Als we luisteren, kunnen we Hem horen roepen. We kunnen ons bewust worden van iets in onszelf dat ons ertoe aanzet om “vergeving op [onze] dromen te laten rusten”. Als we de oefeningen doen zoals wordt aanbevolen, leert het Werkboek ons naar die Stem te luisteren, te reageren op die innerlijke oproep. Geleidelijk aan worden we ons meer en meer bewust van de perioden waarin we dromen, of beter: dat we het grootste deel van de tijd dromen. We kunnen vergeving op onze dromen laten rusten door ze aan de Heilige Geest te geven en Hem te vragen ze te vervangen door Zijn waarneming.

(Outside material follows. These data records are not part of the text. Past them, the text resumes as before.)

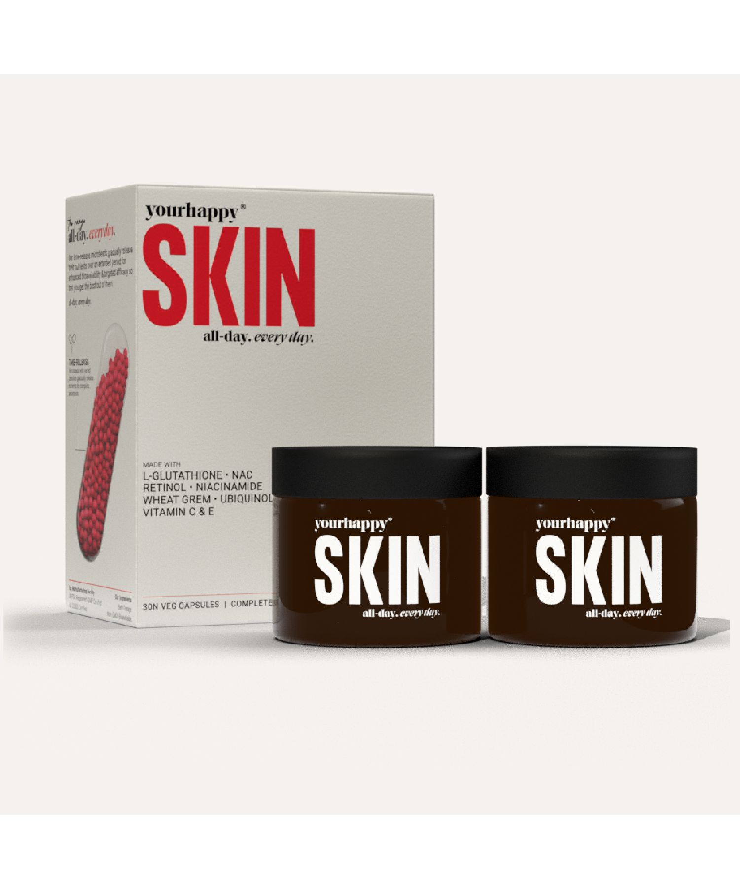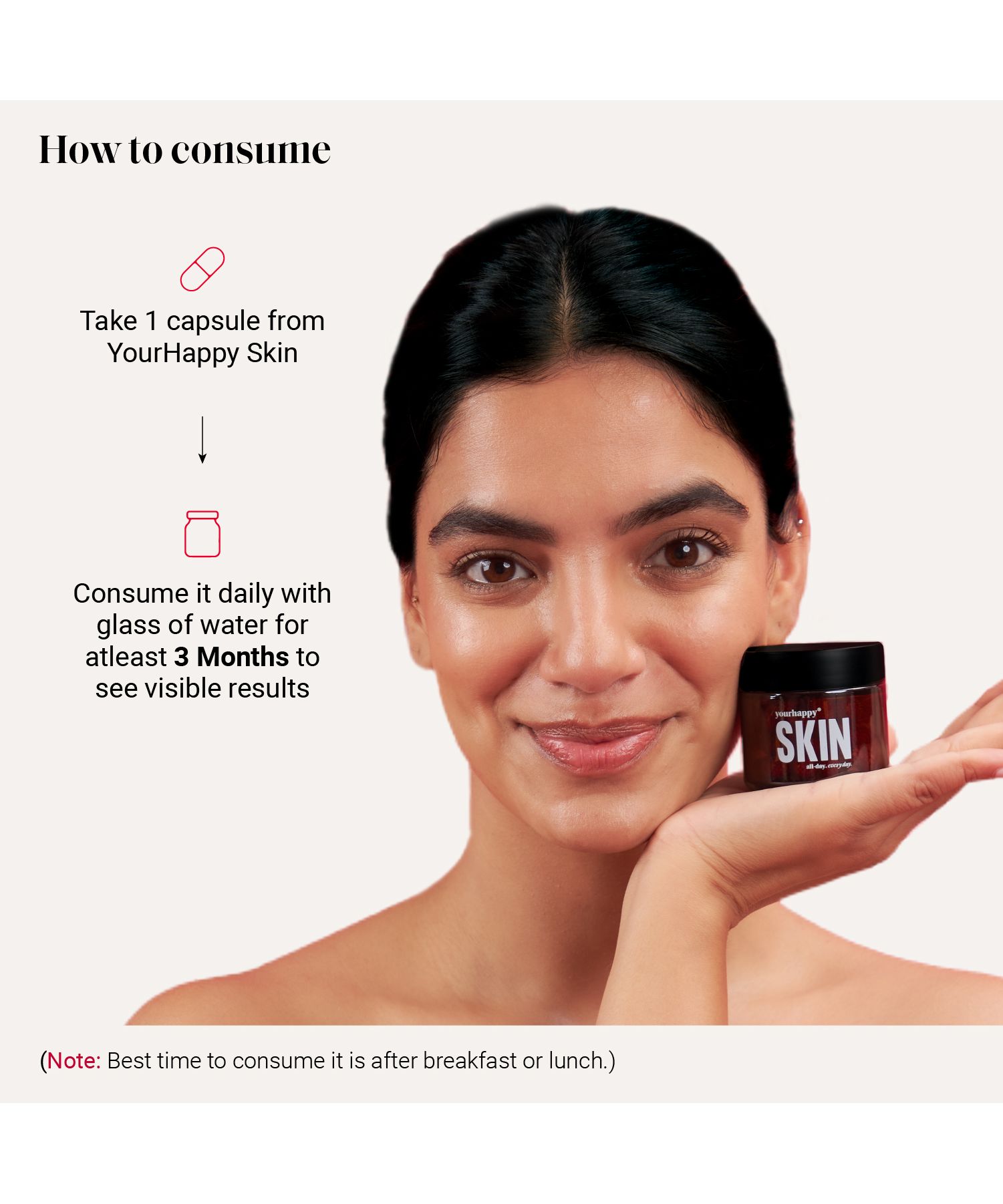 This uniquely reparative formula restores radiance by targeting environmental damage and inflammation on a cellular level. Nourished from the inside out, your skin looks visibly radiant & clearer. Experience the power of YourHappyLife All-Day, Everyday Range. Powered by 325mg Activated L-Glutathione, Niacinamide, Retinol, Lipid Ceramides, Wheat Germ, Ubiquinol(CoQ10), Vitamin C & E for a holistic approach towards radiance & even skin tone.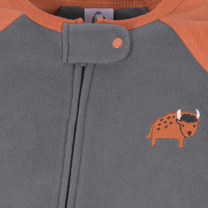 • Made with flame-resistant polyester microfleece to keep your little one safe all night long. Features long sleeves, footed legs & comfortable crew necks. May be layered underneath with our Onesies® bodysuitsSizes 0-3M - 24M feature a safety tab atop the zipper to prevent poking. All larger sizes do not.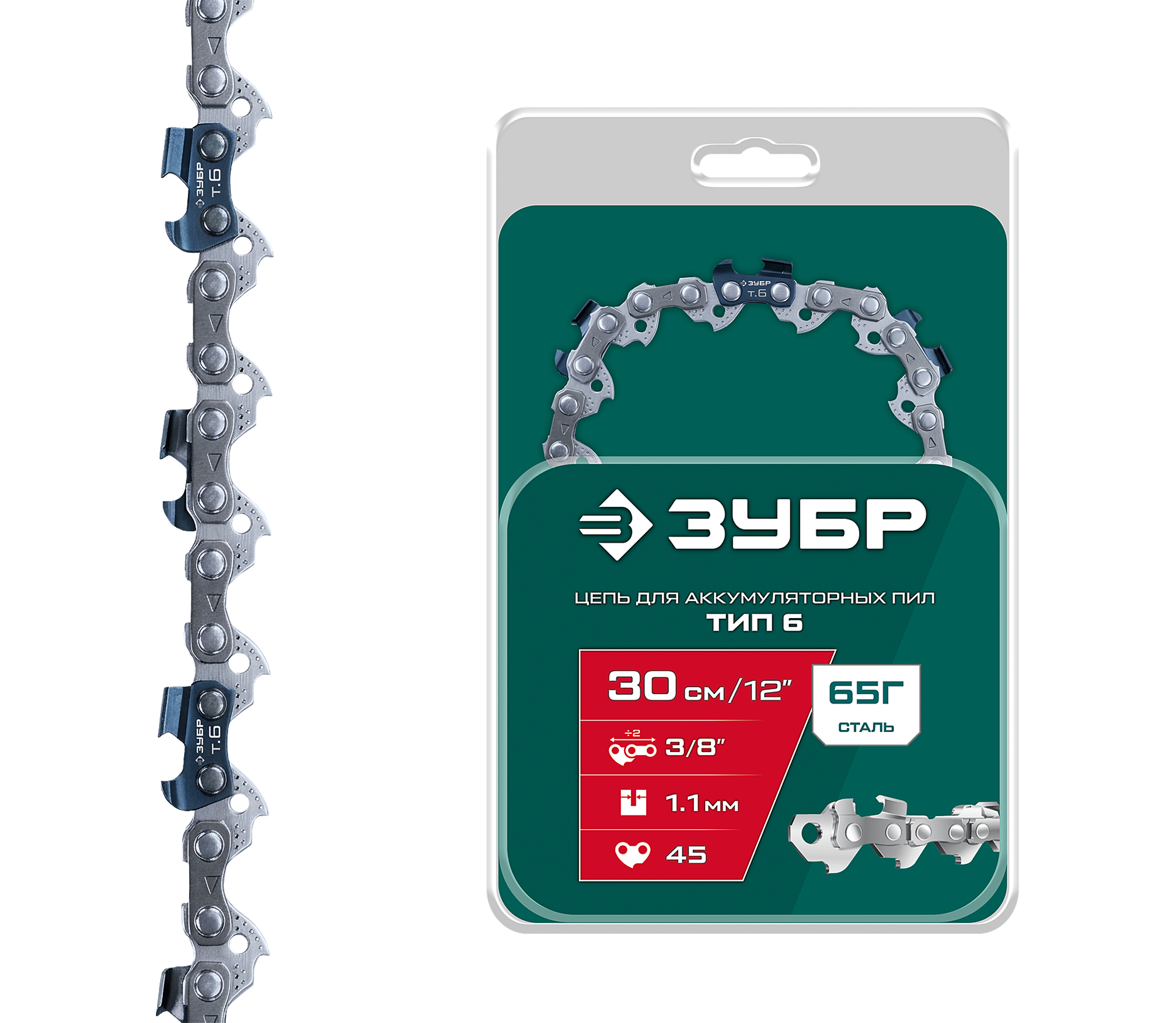 Принадлежности для ЗУБР тип 6, 30 см, шаг 3/8″, паз 1.1 мм, 45 звеньев, цепь (71306-30):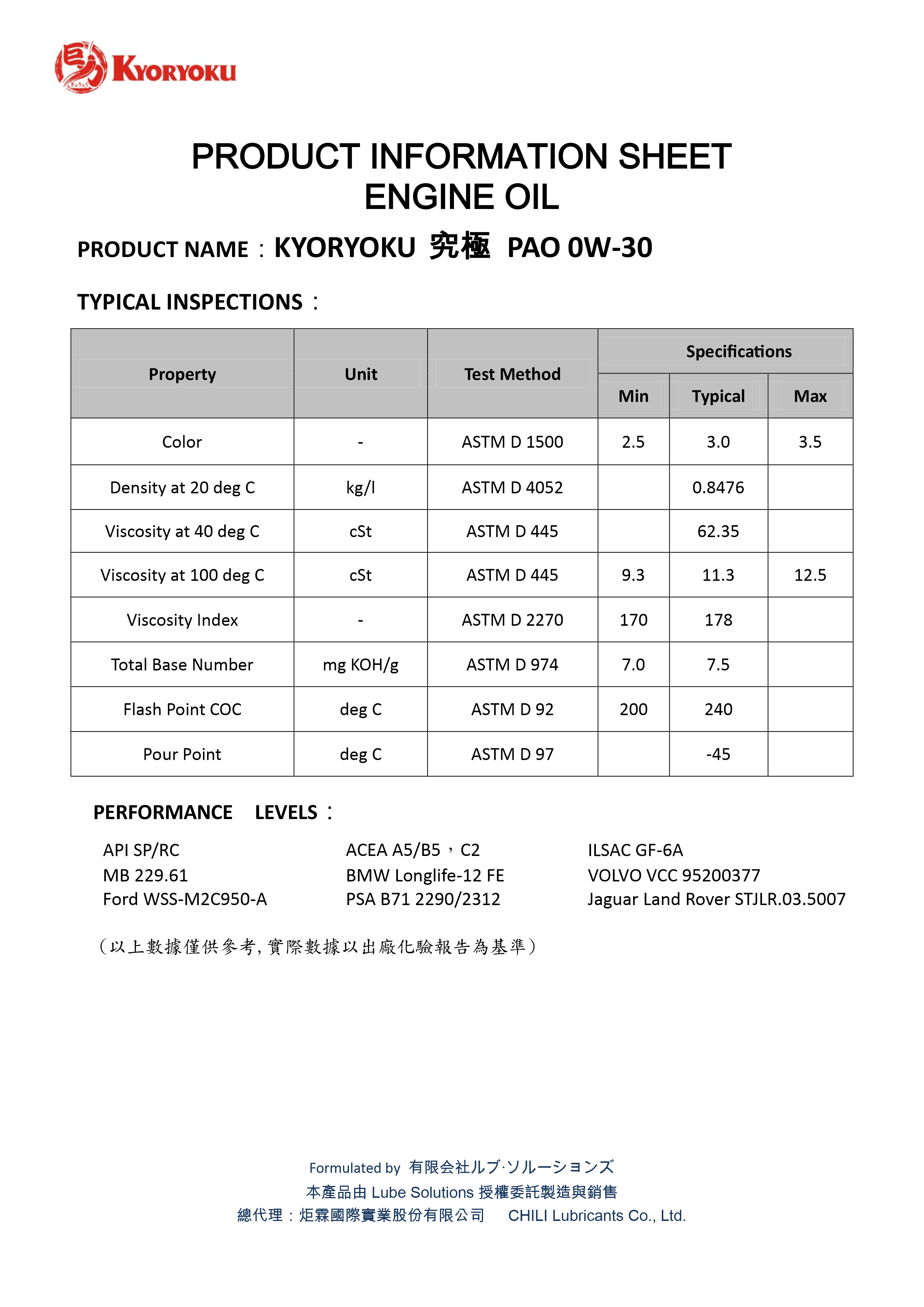 ♦符合 API SP 認證,有效解決低速早燃 ( LSPI ) 的問題,特別適合缸內直噴之汽油引擎

Dat is de weg naar heelheid, naar innerlijke vrede.

 

In hoofdstuk 5 – het eerste hoofdstuk in het Tekstboek waarin de Heilige Geest en Zijn rol in onze terugkeer naar God uitvoerig wordt beschreven – wordt Hij regelmatig “de Oproep” of “de Roep” genoemd: “de Oproep tot Verzoening” (T5.I.5:4), “de Oproep tot terugkeer” (T5.I.5:5), “de Roep om vreugde” (T5.II.3:2), “de Oproep om te ontwaken en blij te zijn” (T5.II.10:5) en “de Roep namens God” (T5.II.10:7). Deze Oproep bevindt zich in onze eigen denkgeest. Iets roept ons om naar huis te komen. Als je deze Cursus doet heb je die oproep kennelijk gehoord en er gevolg aan gegeven. We kunnen die oproep negeren en uit ons bewustzijn bannen, of we kunnen ervoor kiezen om onze aandacht erop te richten en ernaar te luisteren. Hij roept ons altijd op tot vergeving, zowel om te vergeven als om vergeven te worden. Zijn doel is het beëindigen van schuld. Hij spreekt altijd tot ons over onschuld. Hij probeert ons van de weg van angst naar de weg van liefde te leiden. Wanneer we Hem onze volledige aandacht geven zal Hij ons veilig naar huis leiden. Want Hij weet de weg.